The development of information and communications technology in the 21st century has led to a shift in the distribution of information from traditional print media to electronic media. New means of informing the public have emerged, such as social networks and messengers, which made it possible to share information almost instantly and over long distances. In this regard, it has become a daunting task to analyze the patterns of information spreading, particularly, by studying information sources, revealing hidden interests and bias, identifying opinion leaders. The article presents methods for solving the problems of network analysis of identifying information dissemination patterns, determining «critical paths» of information dissemination by analyzing messages and news in the Telegram messenger.
Network
information resources are the main channel for obtaining information about what
is happening in the country and the world. The transition of traditional media
from paper to electronic form is taking place, some publishers have completely
abandoned the printed versions [1]. Due to the news abundance, many publishers
are moving to instant messaging platforms - such as Telegram, WhatsApp.
Instant messaging
platforms allow creating specialized channels both to inform the population,
and to receive feedback (using the function "comment" and graphic
response to the message) [2]. This method of conveying information is
characterized by zero cost of entering the platform, as an organization does
not bear any financial costs to maintain and support the resource.
Currently, plenty
of news agencies, individuals (bloggers), commercial and governmental
organizations, executive authorities have their own news channels in the Telegram
messenger. The number of users following such channels varies from a few dozens
to several million people.
The paper
investigates the information dissemination models on the Telegram instant
messaging platform. The object of study is an individual information message,
which can be distributed within closed environment infinitely. Besides Telegram
can be considered as one of the subtypes of the social network.
A significant
number of articles and books have been devoted to the study of the phenomenon
of social networks and methods of information dissemination [3, 4]. Separately,
we can figure out [5] a considered social network as an object.
Researchers
distinguish several classes of "game-theoretic" models of social
networks:
•
Models of mutual
awareness.
•
Models of coordinated
collective action.
•
Communication models.
•
Stability models.
•
Models of informational
influence and management.
•
Models of information
confrontation.
The article
considers models of informational influence and management that have the unique
property of having “opinion leaders” [3]. We have developed a tool for
collecting textual information and metadata related to reposts and reactions to
information messages and methods of their graph analysis.
Considering
Telegram as one of the subtypes of a social network, we highlight that the
nodes are entities such as personalities, channels and groups, and the edges
are informational messages, membership of participants in groups, etc. [6, 7].
The first
objective is to collect information from Telegram channels. This task can be
solved using two resources - Telegram and TGStat website, which provides
statistics about Telegram.
The joint use of
the resources allows ensuring the completeness of the collected messages and
metadata necessary for the development of the model of information distribution
in the network. The collection process is shown below
(Figure 1).
There are three major
ways to interact with Telegram: using apps (mobile and desktop), using a
browser, or using API. The last method is used, as it provides the most
complete and the fastest data collection. According to Telegram API each
message is characterized by 29 attributes, but the most significant in the
research are:
•
Id – message identifier
in the channel,
•
peer_id –
channel information,
•
date – publication date
and time,
•
message –
publication text,
•
fwd_from – information
about forwarded messages.
The “fwd_from” attribute
consists of 10 fields, the most significant are:
•
date – publication date
and time,
•
from_id – information
about the primary source,
•
channel_post – message
identifier in the primary source.
Telegram has more
than 300,000 channels, for the purposes of the experiment, the analysis was
conducted on the sample of 30 channels, with a total audience of more than 3.5
million users. Channels were selected based on their audience and were not
linked by their thematic focus.
After implementing
the data collection, a data model was developed to build the directed graph.
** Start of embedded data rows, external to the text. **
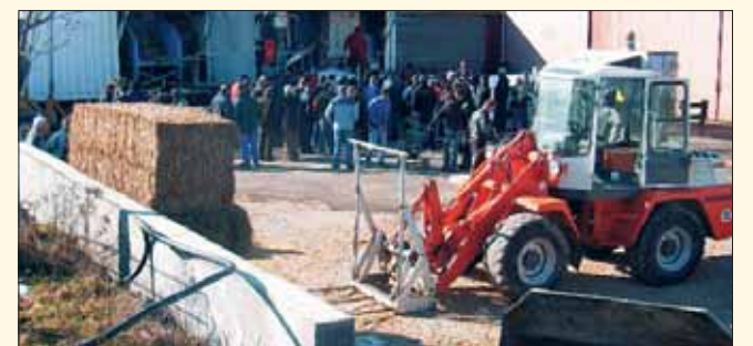
Energie vom Acker: Vorgeführt wird eine mobile Maschine, mit der aus nachwachsenden Rohstoffen wie Stroh Brennstoff für die Pelletsheizung hergestellt werden kann.

Thomas Haag wirkt bei der Studie „Blumenwiese Alb“ mit. Anhand der Pilotregion Schwäbische Alb wird untersucht, wie Ökologie und Ökonomie in einem wirtschaftlichen Konzept zum Einklang gebracht werden können. Für Landwirte ergibt sich dadurch eine weitere Möglichkeit außer Biogasanlagen, in die Energieerzeugung einzusteigen. Der Bauernverband Reutlingen zum Beispiel unterstützt das Ansinnen, auf diese Weise für Landwirte eine weitere Wertschöpf-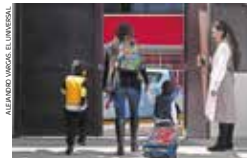
Ha faltado acompañamiento y voluntad de padres de familia para el protocolo.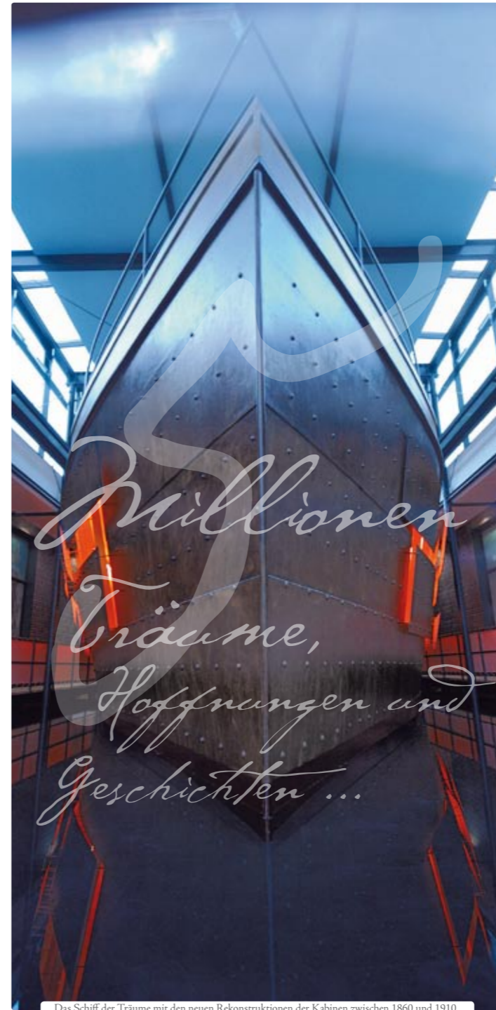
Das Schiff der Träume mit den neuen Rekonstruktionen der Kabinen zwischen 1860 und 1910.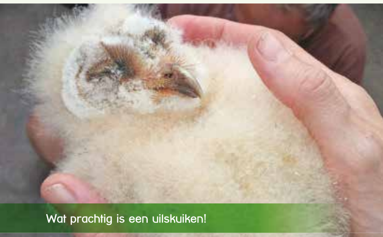
Wat prachtig is een uilskuiken!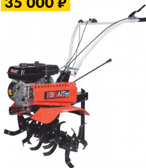
Мотокультиватор BRAIT МКР403 7,8 л/с, бенз., колеса 4x10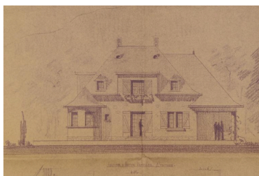
Elévation ouest IVR82_20137300802NUCB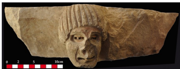
Fig. 14 : Aniane, ancienne abbaye, fragment de chapiteau n° 30810-7.

Mais c'est un plus modeste fragment de sculpture qui apporte encore une contribution possible, sinon essentielle, à une recontextualisation plus générale.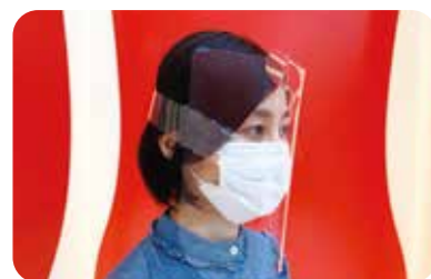
リサイクルPET素材から作られた簡易フェイスシールド

新型コロナウイルス感染症と向き合う医療従事者の皆さまの健康・安全管理をサポートすることを目的に、リサイクルPET素材を応用した簡易フェイスシールドを、公的団体を通じ北海道内の医療機関へ寄贈しました。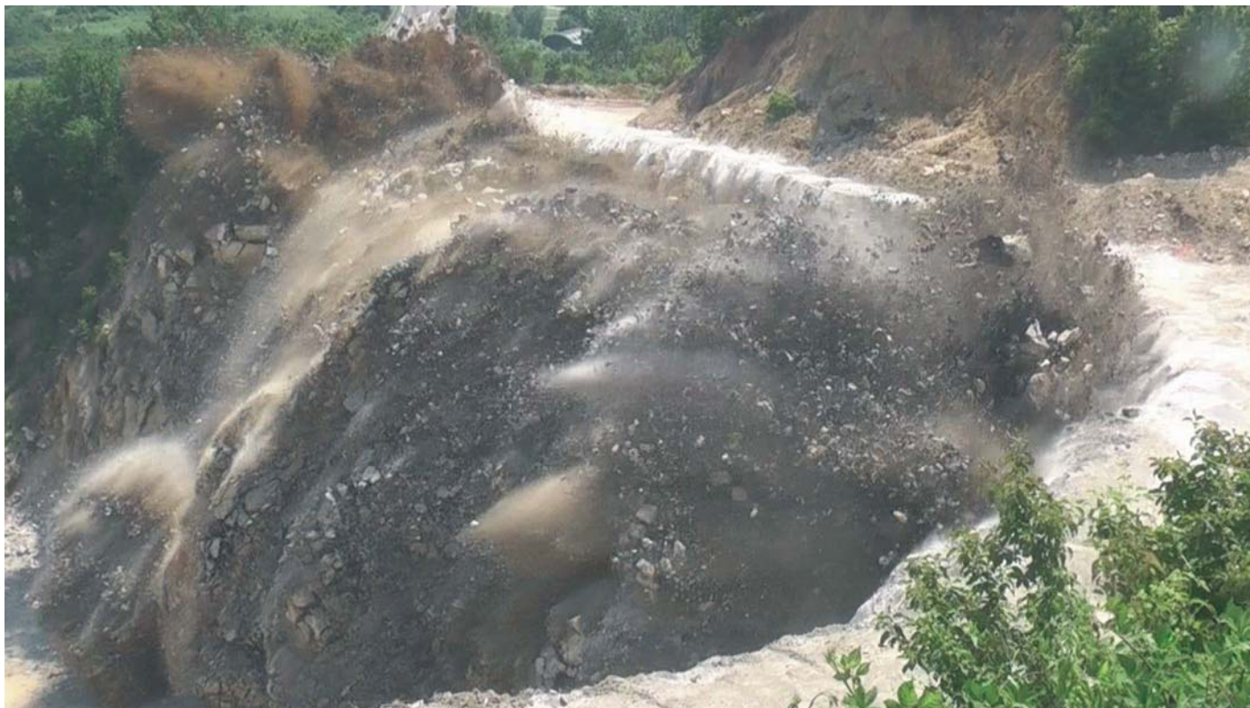
Obr. 6 Prevádzkový clonový odstrel CO 24 v lome Brekov situovaný vo vzdialenosti 376 m od Brekovskej jaskyne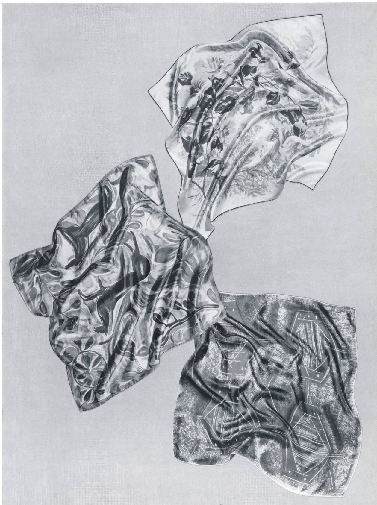
MAVIR, ZURICH Foulards imprimés sur pure soie et rayonne. Pure silk and rayon printed squares. Cuadrados estampa- dos sobre seda pura y rayón. Bedruckte Kopf- tücher in reiner Seide und Rayonne.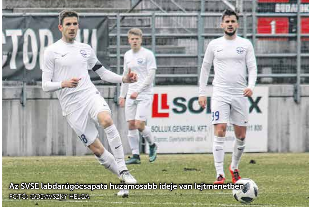
Az SVSE labdarúgócsapata huzamosabb ideje van lejtmenetben

A mérkőzésről mindent elmond Bekő Balázs nyilatko-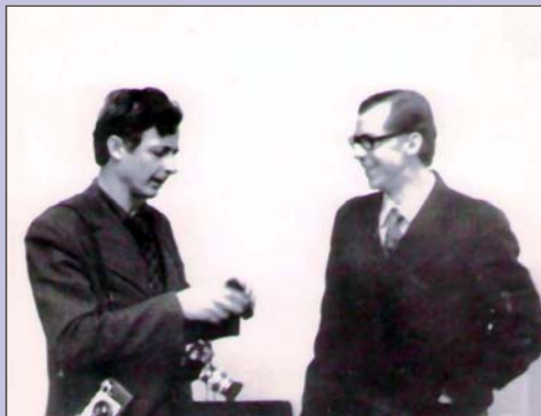
Учитель и ученик перед ответственной съёмкой.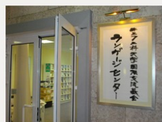
UAJC日本語図書館の入り口

ウクライナ日本センター（以下、UAJC）は2006年に国際協力機構（JICA）によってキエフ工科大学（以下、KPI）の中に開設されました。2011年5月に5年間のJICAプロジェクトが終了し、その後は国際交流基金（以下、JF）が日本語教育事業と文化交流事業を引き継ぎました。現在UAJCでは教室増設工事が進行中で、来年度の新学期9月からは3教室新たな教室を使用する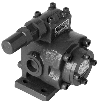
ATP - HABVB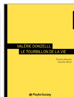
Valérie Donzelli, le tourbillon de la vie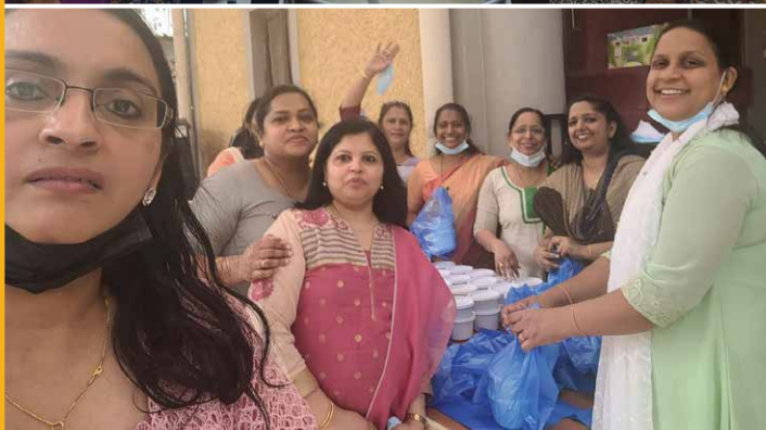
MMVS Breakfast Sale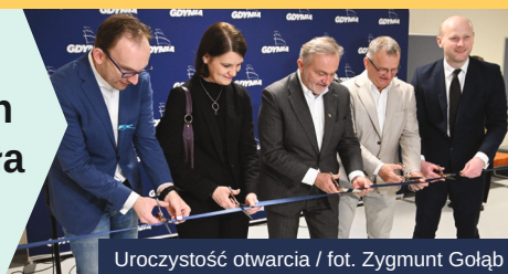
Uroczystość otwarcia

Powstało tam nowe trzykondygnacyjne skrzydło wraz z łącznikiem pomiędzy nową a starą częścią szkoły. Koszt budowy to przeszło 12 milionów złotych. W ponad rok powstał budynek o łącznej powierzchni 1643 m 2 . W nim znalazło się miejsce na m.in.: 13 sal lekcyjnych, w tym jedna do nauki gotowania, nowoczesna sala komputerowa, 3 pokoje do zajęć indywidualnych, pokój nauczycielski, a także szatnie i toalety. Dzięki windzie budynek jest w pełni dostosowany do potrzeb osób z niepełnosprawnościami. Zmieniło się też otoczenie placówki – powstało miejsce do wypoczynku, wiata na rowery, wprowadzono rozwiązania zwiększające dostępność – utwardzenie dróg pieszych i pieszo-jezdnych, zamontowano nowe urządzenia na placu zabaw.

The nodes are the channels, the arcs (directed edges) indicate message
forwarding from one channel to another. The node of the graph is defined by the
following fields:
•
Id – node identifier,
•
label – channel ID
according to Telegram API,
•
name – channel name.
An arc is defined by the following fields:
•
Source – identifier of
the start node,
•
Target – identifier of
the end node,
•
Type – edge type
(directed),
•
Weight – weight of the
node,
•
Date – date of message
forwarding.
The dissemination
of information message in Telegram can be considered from two perspectives: in
terms of causes and predictions. Adrien Guille et al. [3] describe these models
for distribution of messages between users, but this approach can also be
applied to Telegram if we consider individual channels as users. We hypothesize
that some channels are more interconnected than others. It is possible to
identify this correlation, as well as to obtain a predictive model, by
comparing distribution paths. So, we should consider their structure.
In terms of graph
theory, a propagation path can be considered as an oriented tree, where each
parent can have several children. The tree, as a graph, can be both numbered by
vertices and unnumbered.
Considering the
propagation path as a graph, we can use the following metric to compare two
paths with each other [8]:
(1)
where
–
graph i, msg(
)
– maximum common subgraph, |
| –
the order of graph i
The disadvantages
of this metric are that the algorithms to find the maximum common subgraph are
labor-intensive, and that it does not take into account the graph structure.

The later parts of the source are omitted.